Variation in fasting glucose concentration (FPG) is important for human health. In the normal range FPG is associated with risk of type 2 diabetes and ischaemic heart disease independently of obesity. In pregnancy maternal FPG concentration is an important independent determinant of birth weight in non-diabetic mothers. There is evidence that the regulation of FPG has a strong genetic component.

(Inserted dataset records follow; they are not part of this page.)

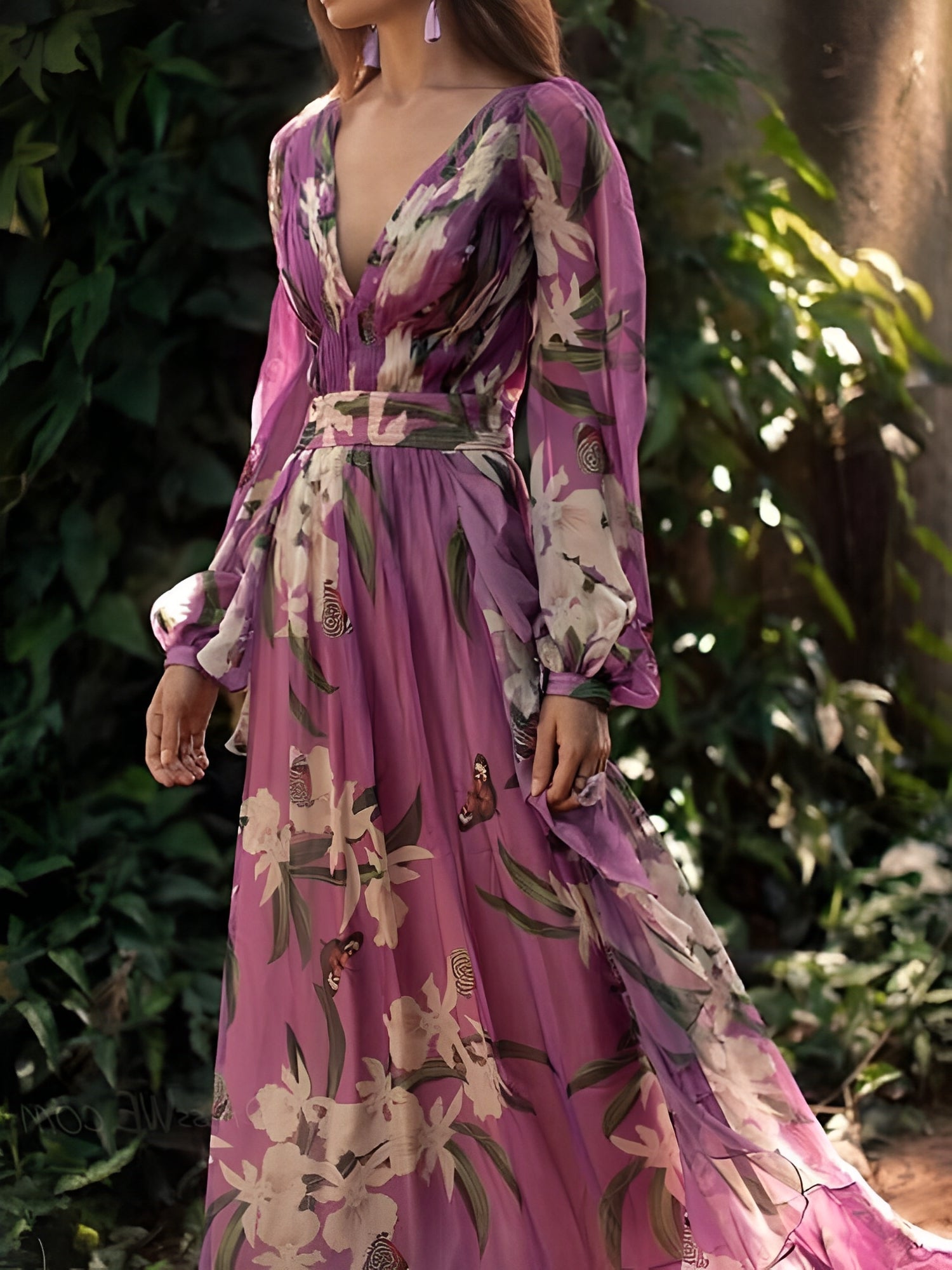 Josceline è l’abito ideale per le occasioni speciali. Realizzato in chiffon leggero con stampa floreale, segue con grazia ogni movimento. Il profondo scollo a V, le maniche lunghe e la vestibilità morbida lo rendono comodo e raffinato. Perfetto per matrimoni, eventi estivi o feste in giardino, Josceline unisce eleganza e leggerezza in un capo che non passa inosservato. I colori delicati aggiungono un tocco romantico.
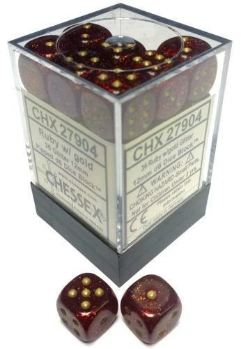 36 pcs dice set by Chessex. The dices contain 12mm six-sided dice (12mm is significantly smaller than the standard 16mm dice).
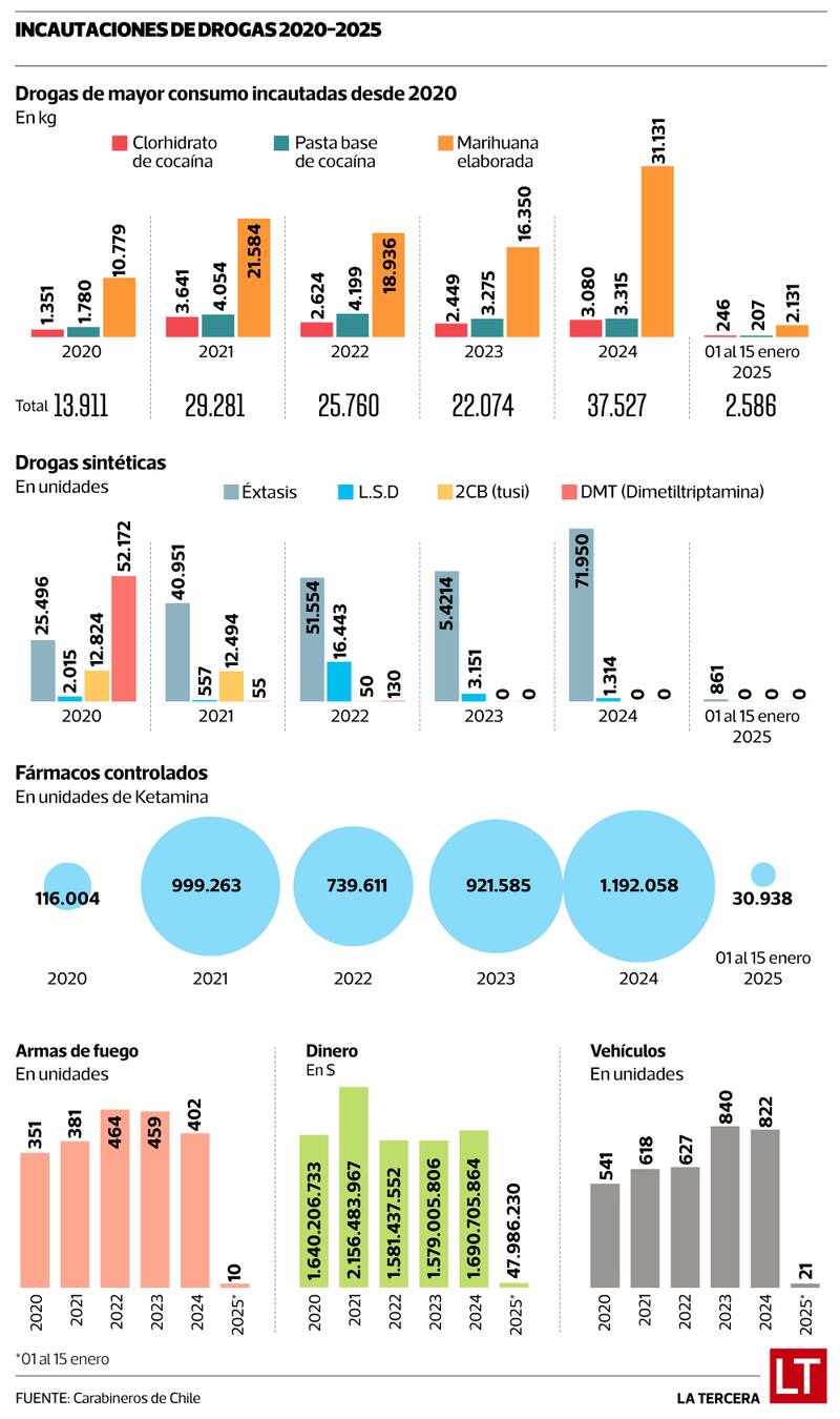 Además de esa abultada cifra, la policía también ha incautado otros tipos de estupefacientes. A la marihuana ya procesada el OS-7 también ha decomisado 28.279 plantas de marihuana, aunque existe especial alerta en las drogas sintéticas. Lo anterior, se explica porque si en 2021 se detectaron 40 mil unidades de éxtasis, el año pasado esa cifra ascendió a 71 mil y las dos primeras semanas del 2025 ya van 861 dosis. Si bien esa es la droga que presenta el mayor aumento, también los últimos años hay otros elementos detectados como el LSD, el DMT o más conocido como “la molécula de dios”, por su fuerte poder alucinógeno.

The main regulator of FPG concentration is the enzyme glucokinase. Our preliminary data shows that common variants in the promoter region of the glucokinase gene are associated with FPG and fetal growth. The minor allele at GCK-30, present in 30% of the UK population raises FPG by0.06 mmol/l (0.04-0.11), p = 0.003; and, when present in the mother, birth weight by 64g (25-102), p = 0.001. We have next shown that variation, further upstream (rs3757840) of the gene, and with no obvious functional role, has a similar, but independent effect on FPG.

In this project we propose to test comprehensively the hypothesis that common genetic variation in GCK alters FPG and birth weight. We will use the latest approaches for capturing the important variation across a gene together with DNA resources from 28,799 mother-child pairs. This approach will establish, if our hypothesis is true, a definitive genetic component to the aetiology of normal variation in FPG and birth weight.